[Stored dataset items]
[Start of section]

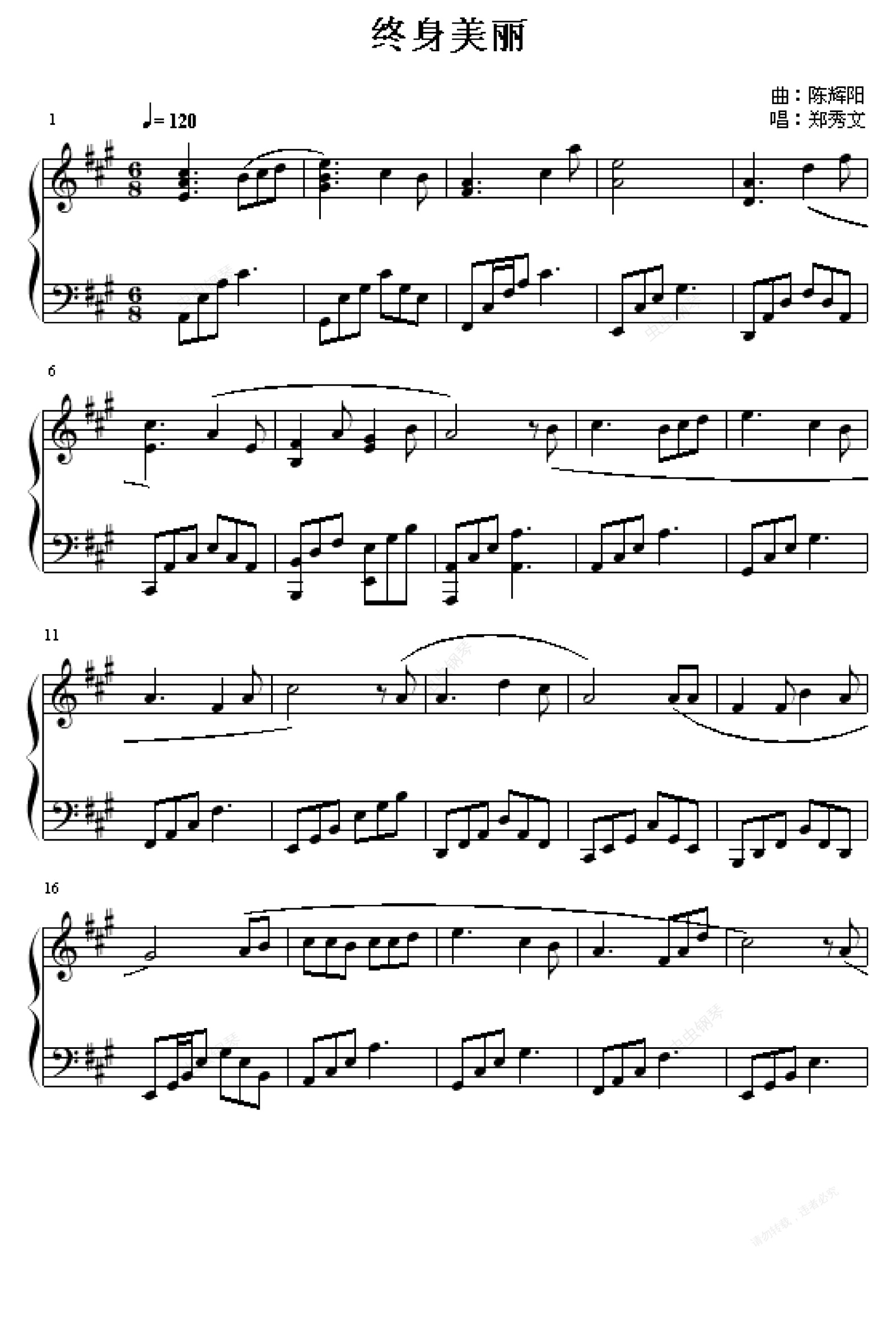 钢琴谱:终身美丽
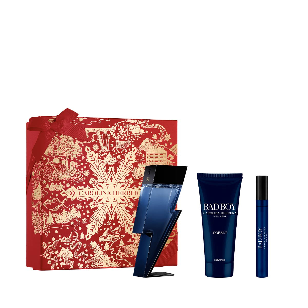 This three-piece gift set contains a BAD BOY Le Parfum Eau de Parfum (100ml), Mega Spritzer (10ml) and Shower Gel (100ml), an energizing shower gel that leaves skin soft, refreshed and delicately scented.
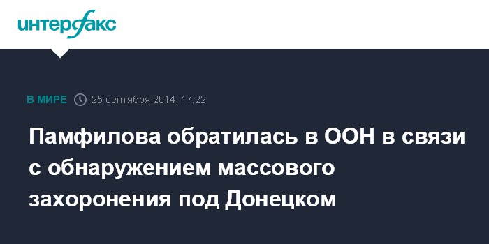 Памфилова обратилась в ООН в связи с обнаружением массового захоронения под Донецком
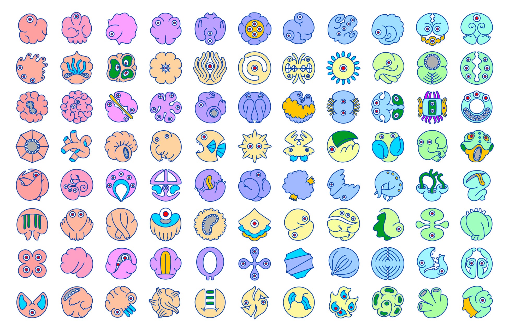 INTO8の8に因んで、全88種類のキャラクターがいます。 漢字の八は末広がり、数字の8は横に倒してインフィニティ(∞=無限)など、 8には拡張していくイメージがあります。また丸が2つ上下に並んでいるようにも見えることから、卵や細胞核を模した円形のキャラクターたちを描きました。それらが無限にメタモルフォーゼしていく...そのようなイメージでデザインしました。
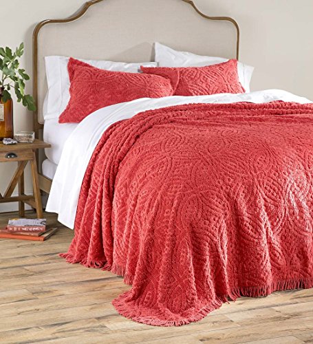 Studio : Plow Hearth Publisher : Plow Hearth Product Description Relax into the ultra-plush softness of our traditional chenille bedspread. The classic tufted wedding ring pattern on this 100% cotton bedspread is enhanced by a fringed edge. Dress your bed in this easy-care spread and your room will be transformed into a nostalgic look. Machine wash. Imported. Size: 102"W x 110"L. Style: Paprika. 0
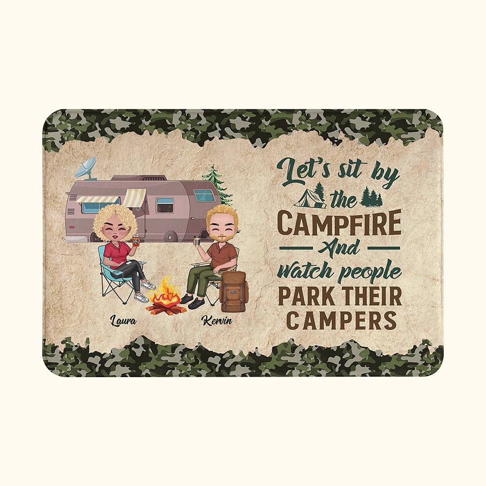 Alfombra de puerta personalizada Let's Sit by the Campfire and Watch People Park Their Campers Regalo para pareja
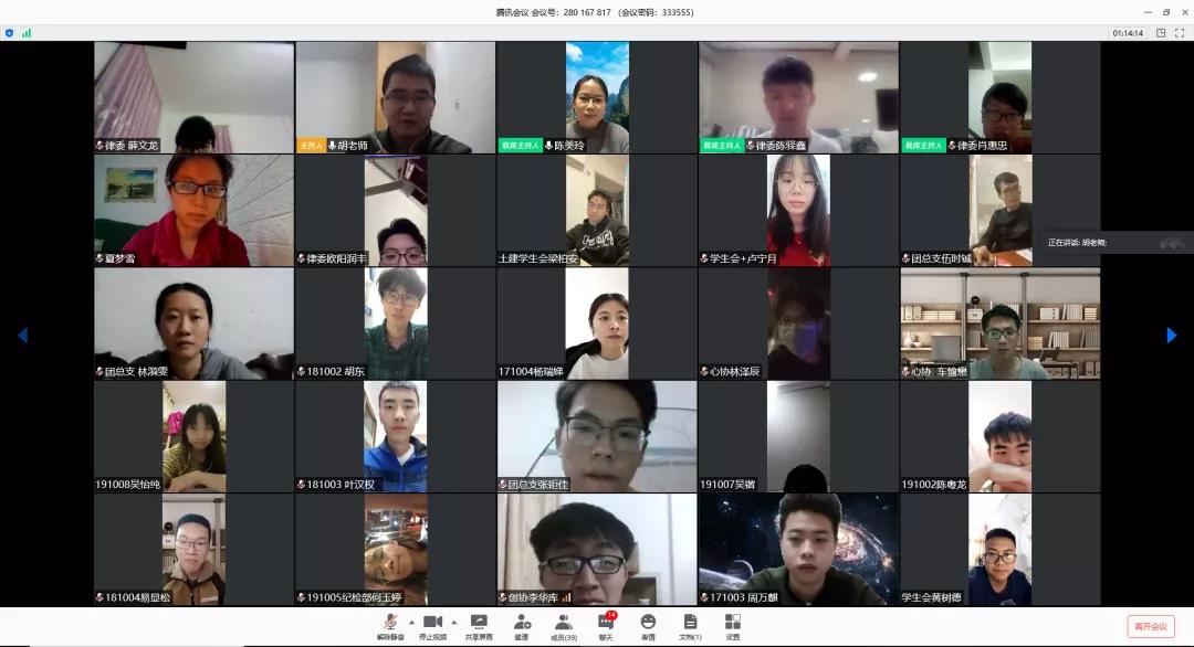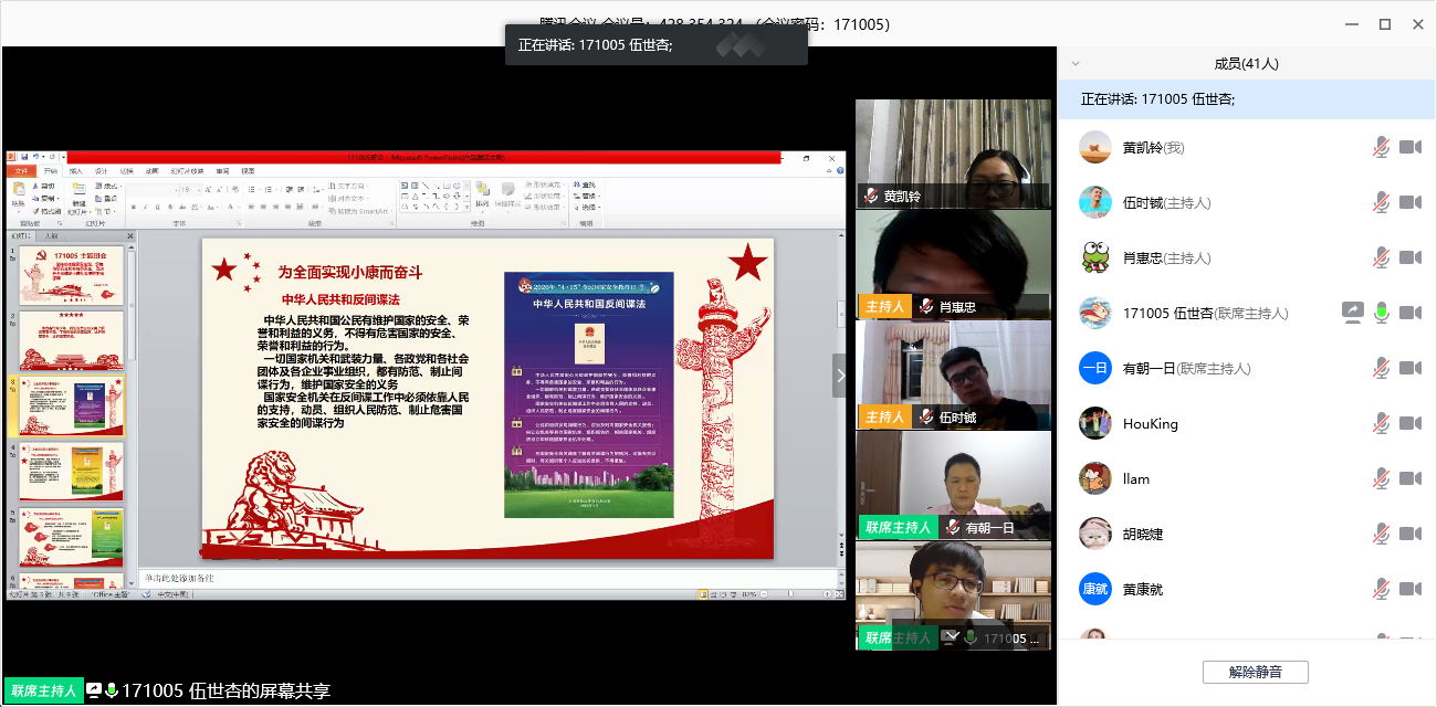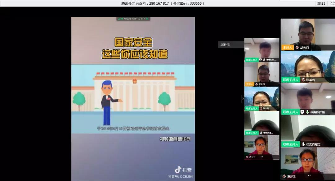 2020年4月14日晚,土木建筑學院召開了2020年國家安全專題教育活動視頻動員會議。學院輔導員老師夏夢雪、胡偉堅、陳美玲等參加了此次“云會議”,并分別做了發言。參加會議的還有學院“三會兩協”主要負責人和各班副班長。本次視頻會議由“律委”主任肖惠忠主持。4月15日晚,在兼職組織員、輔導員胡偉堅老師的組織下,學院學生黨支部全體黨務助理通過學習強國視頻會議,結合疫情防控時期學院學生黨建工作的實際,也開展了2020年國家安全專題教育活動。視頻會議后,學生黨員們紛紛表示,表示通過本次教育活動,有效強化了自己的總體國家安全觀,增加了自己對國家安全有關知識的了解,增強了自己自覺維護國家安全的責任感和使命感。將繼續敢于創新、腳踏實地,堅定理想信念和扎實的工作作風,努力實現小我、帶動他人、成就大我和服務社會,為堅決打贏這場疫情防控戰貢獻了青春力量。
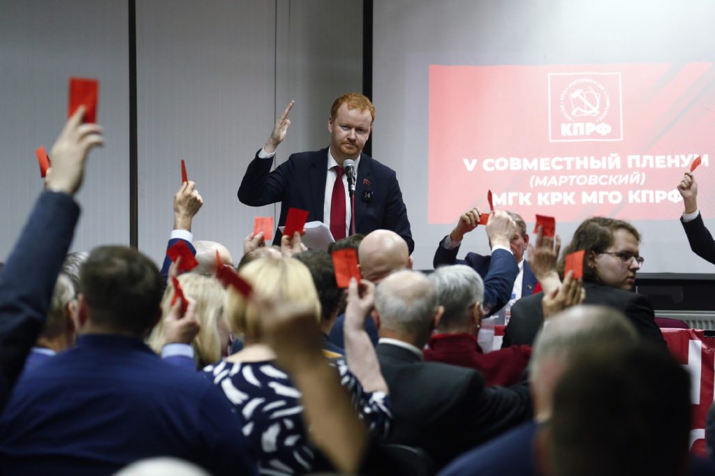 По третьему вопросу «О заявлении МГК КПРФ» выступил секретарь МГК КПРФ Парфенов Д.А.
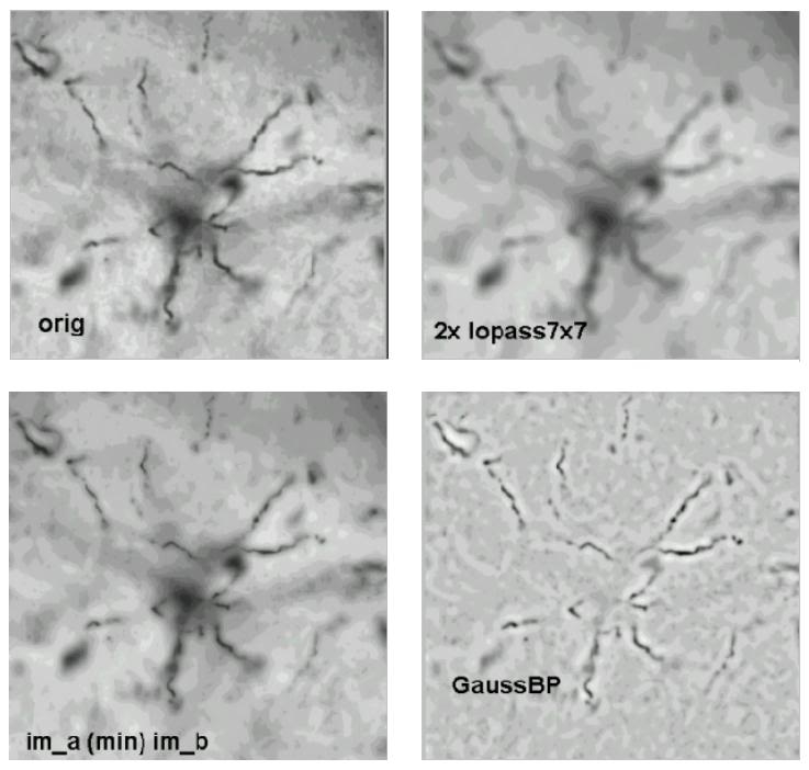 Vom Bild wird zunächst eine tiefpassgefilterte Kopie erzeugt (oben rechts) welche dann über eine Minimum-Funktion mit dem Originalbild kombiniert wird (unten links). Diese Massnahme hilft, die scharfen, kontrastreichen Anteile im Bild besser hervorzuheben und abzugrenzen.

[End of section]

--- Work task ---
A faithful copy of the entries above is needed, one that contains no images.

--- Task answer ---
 钢琴谱:终身美丽
 This three-piece gift set contains a BAD BOY Le Parfum Eau de Parfum (100ml), Mega Spritzer (10ml) and Shower Gel (100ml), an energizing shower gel that leaves skin soft, refreshed and delicately scented.
 Памфилова обратилась в ООН в связи с обнаружением массового захоронения под Донецком
 INTO8の8に因んで、全88種類のキャラクターがいます。 漢字の八は末広がり、数字の8は横に倒してインフィニティ(∞=無限)など、 8には拡張していくイメージがあります。また丸が2つ上下に並んでいるようにも見えることから、卵や細胞核を模した円形のキャラクターたちを描きました。それらが無限にメタモルフォーゼしていく...そのようなイメージでデザインしました。
 Studio : Plow Hearth Publisher : Plow Hearth Product Description Relax into the ultra-plush softness of our traditional chenille bedspread. The classic tufted wedding ring pattern on this 100% cotton bedspread is enhanced by a fringed edge. Dress your bed in this easy-care spread and your room will be transformed into a nostalgic look. Machine wash. Imported. Size: 102"W x 110"L. Style: Paprika. 0
 Alfombra de puerta personalizada Let's Sit by the Campfire and Watch People Park Their Campers Regalo para pareja
 2020年4月14日晚,土木建筑學院召開了2020年國家安全專題教育活動視頻動員會議。學院輔導員老師夏夢雪、胡偉堅、陳美玲等參加了此次“云會議”,并分別做了發言。參加會議的還有學院“三會兩協”主要負責人和各班副班長。本次視頻會議由“律委”主任肖惠忠主持。4月15日晚,在兼職組織員、輔導員胡偉堅老師的組織下,學院學生黨支部全體黨務助理通過學習強國視頻會議,結合疫情防控時期學院學生黨建工作的實際,也開展了2020年國家安全專題教育活動。視頻會議后,學生黨員們紛紛表示,表示通過本次教育活動,有效強化了自己的總體國家安全觀,增加了自己對國家安全有關知識的了解,增強了自己自覺維護國家安全的責任感和使命感。將繼續敢于創新、腳踏實地,堅定理想信念和扎實的工作作風,努力實現小我、帶動他人、成就大我和服務社會,為堅決打贏這場疫情防控戰貢獻了青春力量。
 По третьему вопросу «О заявлении МГК КПРФ» выступил секретарь МГК КПРФ Парфенов Д.А.
 Vom Bild wird zunächst eine tiefpassgefilterte Kopie erzeugt (oben rechts) welche dann über eine Minimum-Funktion mit dem Originalbild kombiniert wird (unten links). Diese Massnahme hilft, die scharfen, kontrastreichen Anteile im Bild besser hervorzuheben und abzugrenzen.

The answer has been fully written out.